If anything, our response was foolishly weak. We made no military move and did nothing to shore up the opposition even after Chavez had physically left the palace.
Our actions actually show that our foreign policy is NOT bound inexorably to oil; the premise of Moore and the hypocritical French.
does every weeathly hispanic migrate to florida?
Mention the Carter Center and I begin to envision hostages and a burnt helicopter and C 130. And the retreat that followed basted with ..."a grand malaise...". Jimmah, legacy and all that shit. Chavez is a boil that needs lancing though.
Seems that way- we seem to be overrun this summer with wealthy non-Cuban hispanics. I'm about to take a baseball bat to their kids' boomboxes if they keep bringing those hideous things out to my favorite once-quiet and very natural beach. (Wish they would keep the music down in Tampa/St. Pete or on the other side of the state- if they keep it up I'll get a boombox and counterblast them with talk radio.)
Lived in Miami for three years. Loved it for the above reason...
"Our actions actually show that our foreign policy is NOT bound inexorably to oil; the premise of Moore and the hypocritical French."
Good point. This also shows Bush's focus on the war against terror. Chavez hasn't acted like a threat to us before today.
Too bad we have to depend on these clowns for oil when the enviro-wackos here at home seem to be working for them. Does Chavez contribute to US enviro-wacko groups, I wonder?

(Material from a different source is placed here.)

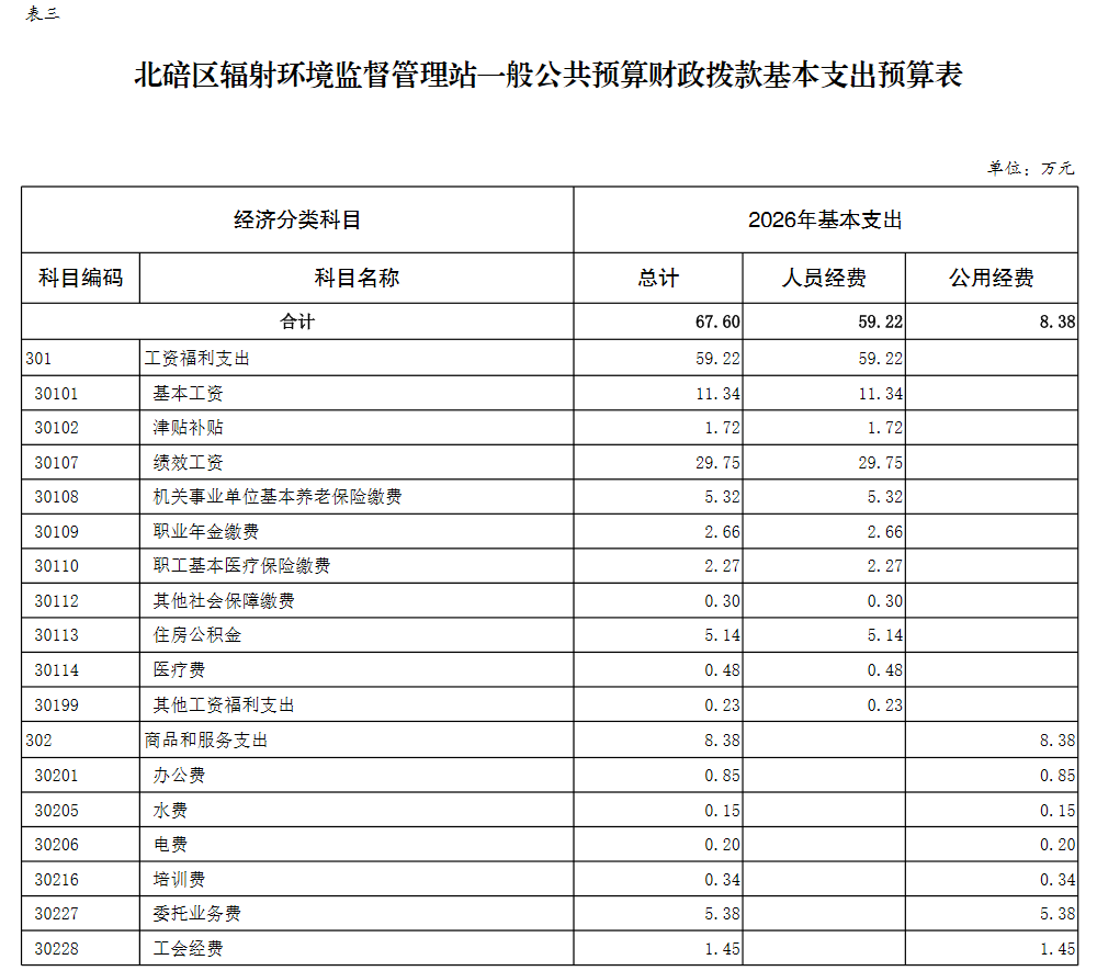 北碚区辐射环境监督管理站2026年单位预算情况说明

I think we can easilly solve this problem with intelligence, a few navy seals, bunker busting bombs on his missile silos, red herrings in front of the bombers, and a bullet in the brain. However, we should coordinate this with the same kind of plan for North Korea at the same moment. We also need a way to make them think that there's a commercial plane off-course or something until it's too late to launch. FReegards....
I agree. The correct thing to do would have been either to kill him, or to get him on the plane out of VZ right afer that coup. They had him at the airport and in fact were going to do that (one military person had had his pistol out to kill him but then changed his mind), and if we had provided just a little more encouragement, Chavez would be history now. Or at any rate, he'd be sitting in Havana sipping coco locos with his beloved Fidel and wouldn't be causing all the trouble he's bringing to VZ and Latin America in general.
I hope if we are ever again presented with a similar opportunity, we know what to do with it.
"Our actions actually show that our foreign policy is NOT bound inexorably to oil; the premise of Moore and the hypocritical French."
I think the opposition was completely unprepared for the possibility that chavez would have folded so quickly. They took a gift and completely bungled it, and look where they are now.
"Chavez would be history now. Or at any rate, he'd be sitting in Havana sipping coco locos with his beloved Fidel and wouldn't be causing all the trouble he's bringing to VZ and Latin America in general"
If he had left but stayed in exile in cuba, he would have done his best to stir up trouble back home. He would have had some support from some or many poor people. I think some FR people don't understand that in CA/SA, poor doesn't mean a color tv, cable, AC, etc.; it means subsidience living with minimal opportunities, vocational, educational, or otherwise. These people really have no reason NOT to support chavez...they will get nothing from the parties representing the venezuelan upper and middle (if any) class.